Inspirational Quotes for the WEEKEND

By Charles Leyman Kachitsa

There are some occupations that are for life, to be associated with the holder for until they are no more in this world. I got surprised that someone could be referred to as a former musician. Unless one loses their voice, being a musician is for life. You can therefore never really label someone a former musician especially one who at a point had done that as a profession.

The above also relate to teachers, once a teacher you carry that until you are called back to earth where we all came from. The label therefore of one as ‘former teacher’ does not hold. Unless one loses their sanity, they can teach as a teacher at any stage of their life, in various circumstances. Perhaps others may say the same of a lover; male or female, could we call one a former lover, this is very debatable.

Politicians are another breed that can not be labelled as former politician when they stop visibly doing what may be construed as active politics. This is for the mare reason that the label may be adopted tactfully by one who is just taking a rest as they want time to reflect on such a demanding career. After all they say man by nature is a political animal.

Could be the correct word to be used for such life careers is ‘retired’. For one can easily come out of retirement to be once again a musician, where they had been a retired musician, or to be a teacher once more where they had been labelled as retired teacher and or debatably lover, once more where they had retired as a lover. Moreover, we could have just politicians for life and nothing like retired politician, for all of us are politicians from birth.
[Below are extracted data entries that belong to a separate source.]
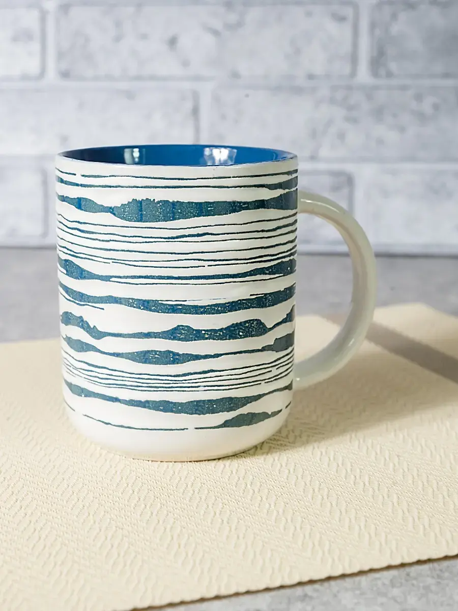 Кружка керамическая «Орнамент» 425 мл, синяя, с удобной ручкой, для горячих напитков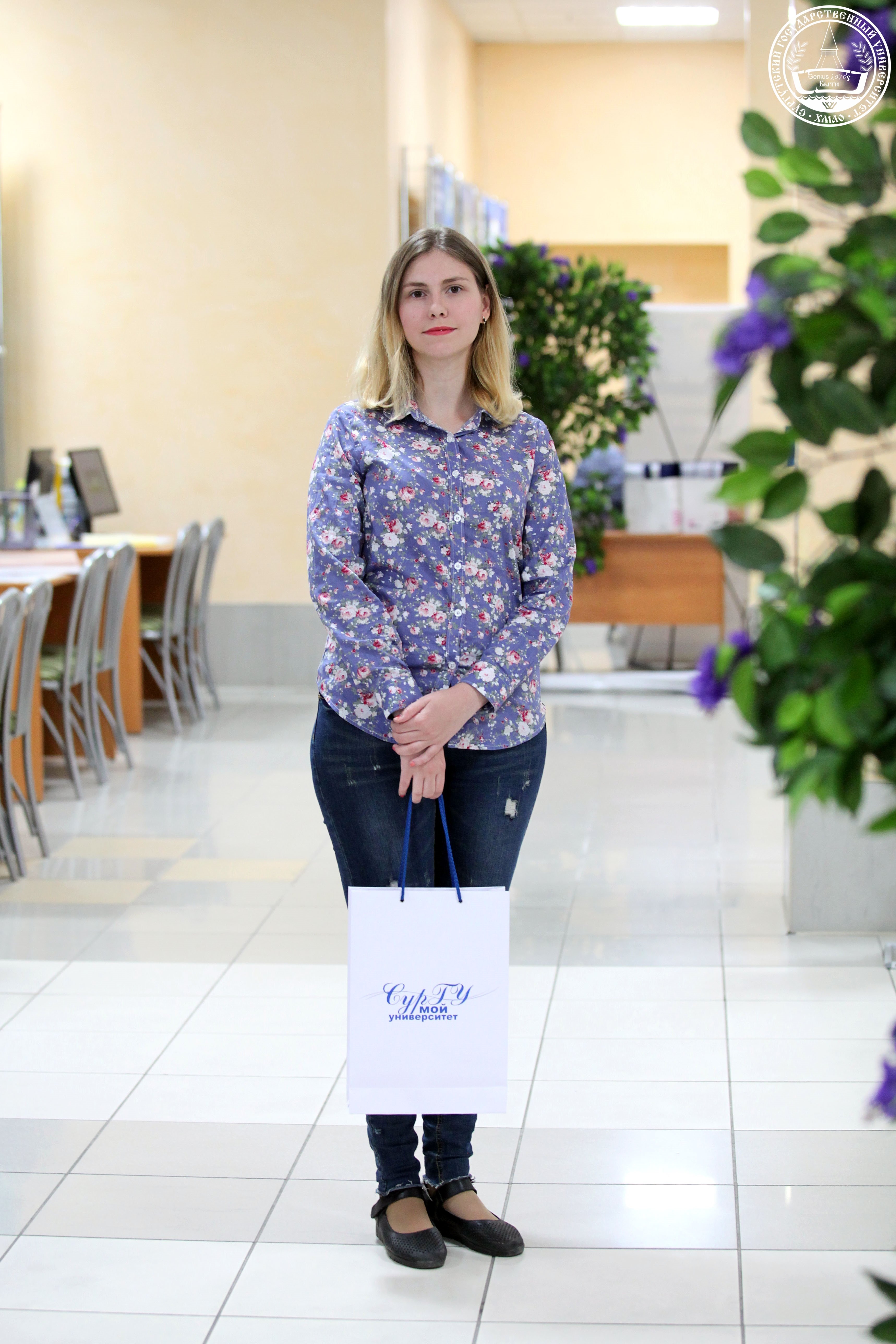 — «Мама у меня учитель рисования и мировой художественной культуры. Я с детства мечтала пойти по ее стопам, быть дизайнером и параллельно обучать детей этому искусству. Я привыкла испытывать себя на прочность, работать над собой. Именно участие в научных конференциях, олимпиадах, а также призерство на окружных и всероссийских конкурсах дает тот самый толчок — стремиться и добиваться лучшего. Горжусь, что частично мои дизайнерские разработки легли в основу создания логотипа медалей и фирменного стиля футбольных стадионов к чемпионату мира по футболу — 2018. Надеюсь, что мое портфолио, знания и навыки помогут пройти конкурс, и я стану студенткой СурГУ. От обучения жду развития своих способностей и личностного роста. Уверенна, этот университет может мне все это дать».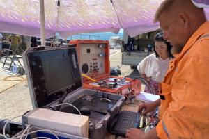 Координатор учебных погружений даёт инструкции водолазу, находящемуся под водой,Актау, 21 июля 2021 г.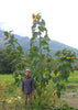 (H. anuus) Jere Lajos is a Romanian seed grower who sells his seeds at markets in various towns around Transylvania. Seeds are displayed in trays and are measured out for purchase with a walnut shell, the same one that his father used. Friends visited Jere and his wife at their home, and after a couple of hours drinking homemade wine and brandy, exchanged seed. This massive sunflower comes from that evening. Growing ~15’ tall, with bright yellow flowers up to 18” across, this sunflower will stand guard over your garden and provide much discussion and laughter. They are just comically large!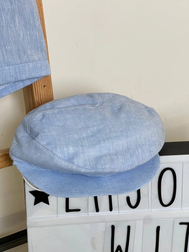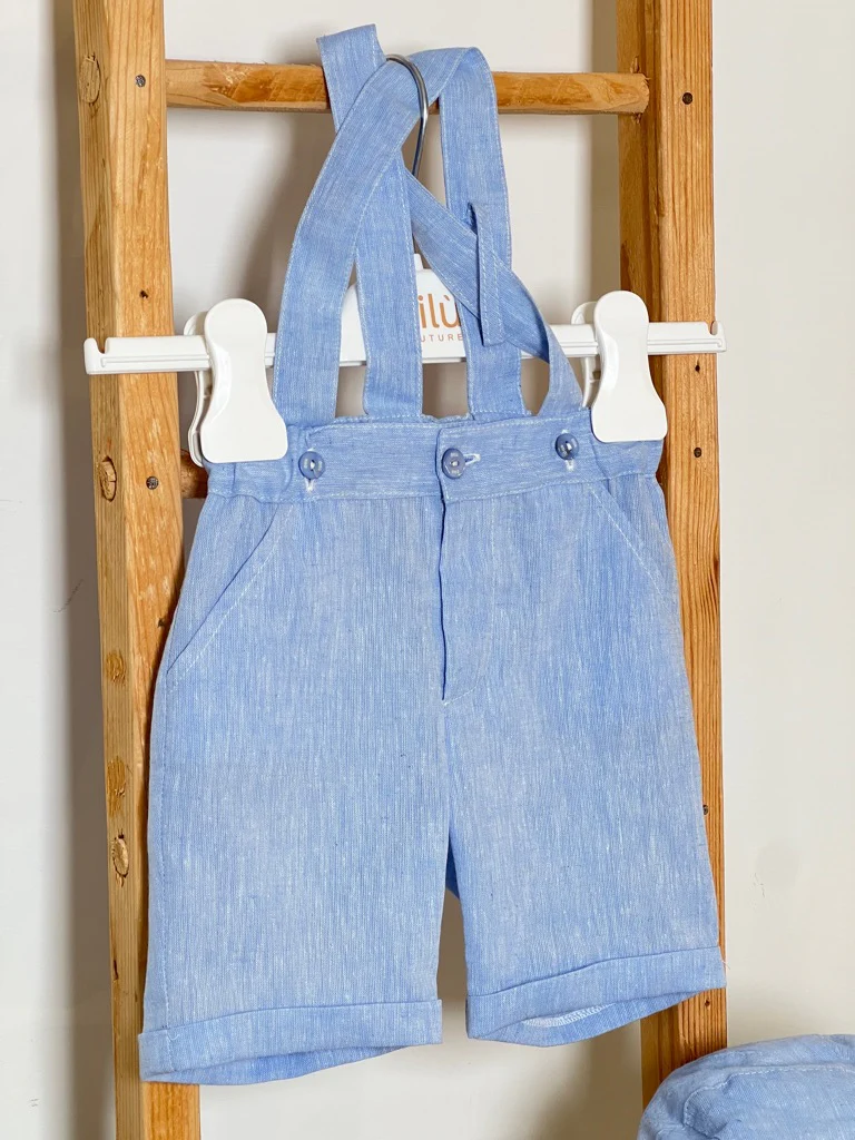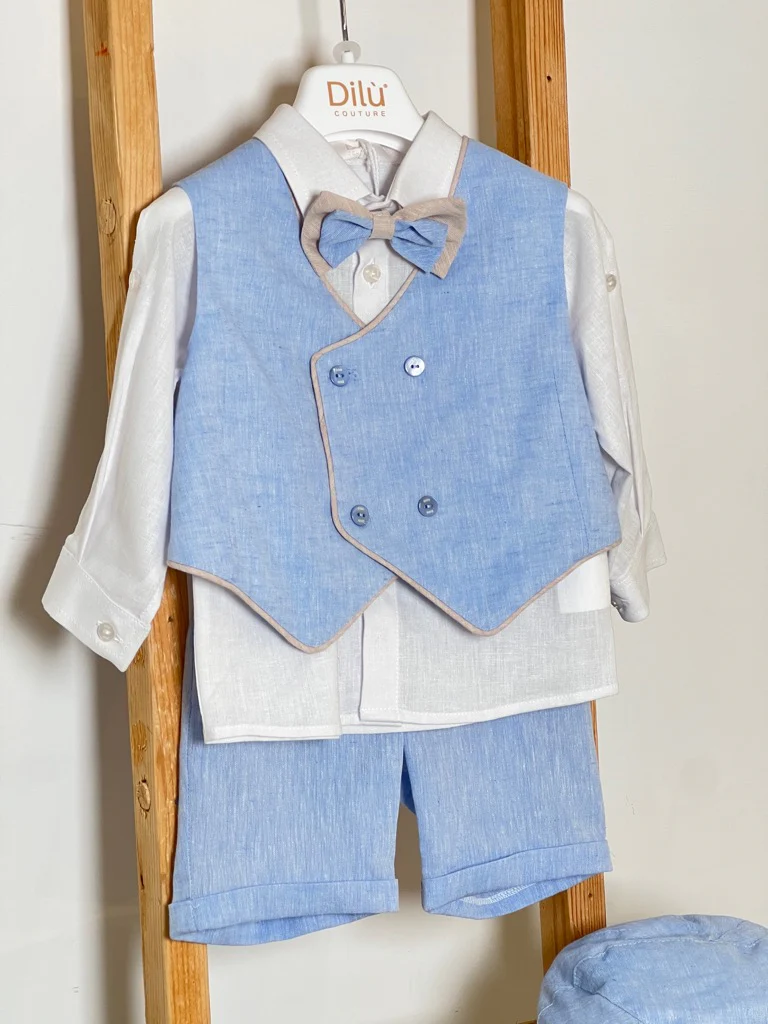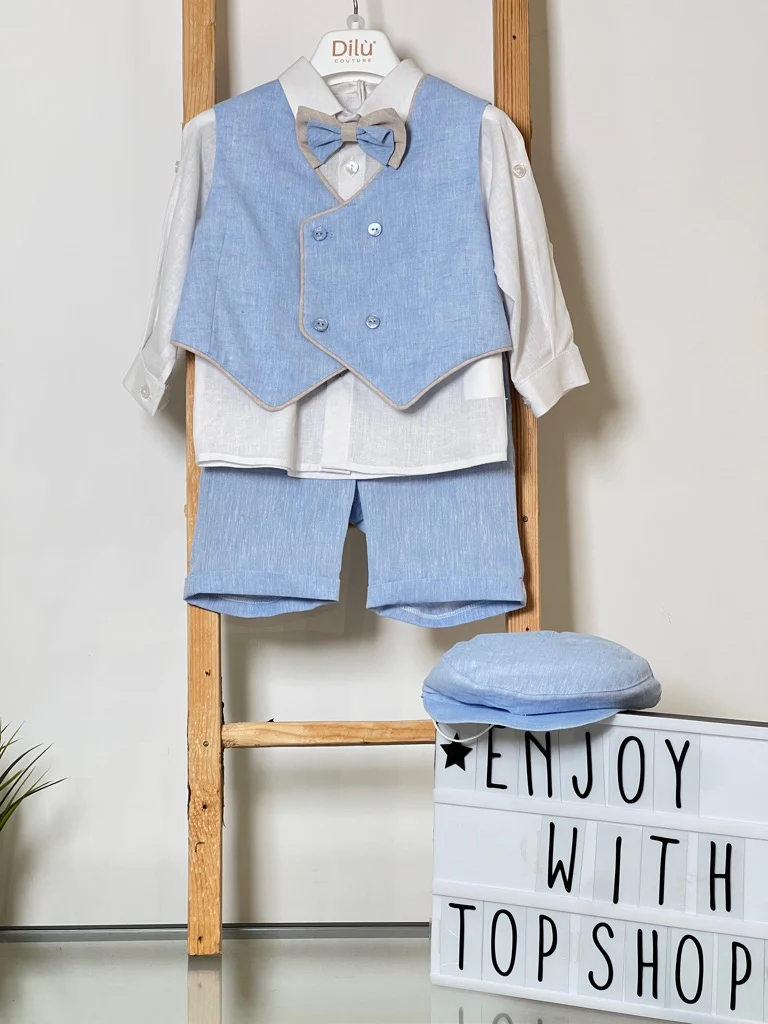 Completo Bimbo Battesimale in 100% lino Panciotto Camicia Salopette e Coppola

The quotes this week are a continuation from the book that define language in communication as being vast and not only exclusively verbal or simply words. It is full of life lessons from our daily living that we are blind to though visibly are there. I am sure the selected quotes below from this book will enlighten you to one or two of these lessons, read and enjoy:

THE SILENT LANGUAGE by Edward T. Hall

“Speech and sex are linked in obvious ways. Let the reader, if he or she doubts this, start talking like a member of the opposite sex for a while and see how long people let him or her get away with it. Sex and territory are also intermingled. For many birds there are breeding grounds, nesting territories, and, for many species, areas defended by males against other males. For humans there are places where the behaviour of the sexes toward each other is prescribed, like the parlour or the bedroom. We can see an intermingling of sex and territory in pool halls or in the old-time saloon from which ‘ladies’ were excluded.”

“The history of mankind’s past is largely an account of our efforts to wrest space from others and to defend space from outsiders. A quick review of the map of Europe over the past half century reflects this fact. A multitude of familiar examples can be found to illustrate the idea of human territoriality. Beggars have beats, as do the policemen who try to get them to leave, and prostitutes work their own side of the street. Salesmen and distributors have their own territories which they will defend like any other living organism. The symbolism of the phrase ‘to move in on someone’ is completely accurate and appropriate. To have a territory is to have one of the essential components of life, to lack one is one of most precarious of all conditions.”

“Today our species has developed extensions for practically everything we used to do with our bodies. The evolution of weapons begins with the teeth and the fist and ends with the atom bomb. Clothes and houses are extensions of our biological temperature-control mechanism. Furniture takes the place of squatting and sitting on the ground. Power tools, glasses, TV, telephones, and books which carry the voice across both time and space are examples of material extensions. Money is a way of extending and storing labor. Our transportation networks now do what we used to do with our feet and backs. In fact, all man-made material things can be treated as extensions of what was once done with the body or some specialized part of the body.”

“Human beings have elaborated their defensive techniques with astounding ingenuity not only in warfare, but also in religion, medicine, and law enforcement. They must defend themselves not only against potentially hostile forces in nature but against those within human society. They also must cope with the destructive forces within their own persons. Religion is concerned with warding off both the dangers in nature and within the individual. Law-enforcement agencies have been developed to deal with offenders against societies. Medicine, too, defends the welfare of the groups as well as the individual against disease.”

“…. This notion that there are significant portions of the personality that exist out of one’s own awareness but which are there for everyone else to see may seem frightening. The point, however, is a crucial one and will grow in importance as people begin to grasp its implications. What Sullivan said, in effect, was that the unconscious is not hidden to anyone except the individual who hides those parts which persons significant in his or her early life have disapproved. While they are dissociated or hidden from himself, they are there for trained observers to see and they can therefore be analyzed.”